[re-sending after adding myself to int-area, sorry for the duplicate to ram and individuals]

On Mar 22, 2007, at 8:27 PM, Iljitsch van Beijnum wrote:
What we need in a new mapping system is the scalability and parallelism of the DNS coupled with the immediacy of BGP, but where BGP distributes next hop information, the new mapping system should distribute "last hop" information.

What is last-hop information?

In BGP, there is a "next hop" attribute that pretty much does what the name suggests, we'd expect nothing less from a routing protocol. However, in an id/loc (or loc/loc) mapping system, we're not coming dealing with the next hop the packet is sent to, but rather, the place where it can be decapsulated, which can be considered the "last hop" although that's probably not 100% accurate. The intermediate hops don't interest us here, either we assume that if a locator address is present in the mapping database it's reachable (and we flood unreachability information) or we put in an additional protocol that checks whether the decapsulation box is reachable.

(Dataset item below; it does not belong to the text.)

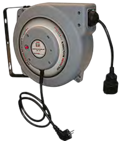
Rafmagnskefli EKR15M með veggfestingu 14.872 kr.

I'm not sure if it's productive to get this far down into the minutiae of BGP, but IMO the semantics of the BGP next hop (in particular, that of IBGP or multihop EBGP) are closely aligned with what you've referred to as "last hop". That is, the IBGP next hop specifies a typically distant router, and the physical next hop router has to be determined through further means (e.g., a lookup in the IGP, but also recall that for some address families the next hop is reached through some kind of tunnel -- think about VPNv4 or softwires). The only real divergence between this and what you've called a "last hop" router is that it's more difficult to determine reachability of the "last hop" a priori than it is for a regular BGP next hop, since the "last hop" will typically be in some distant AS.

I don't intend to make the case one way or the other as to BGP's suitability as a mapping protocol, but did want to point out that (IMO) the "last hop" point doesn't really apply.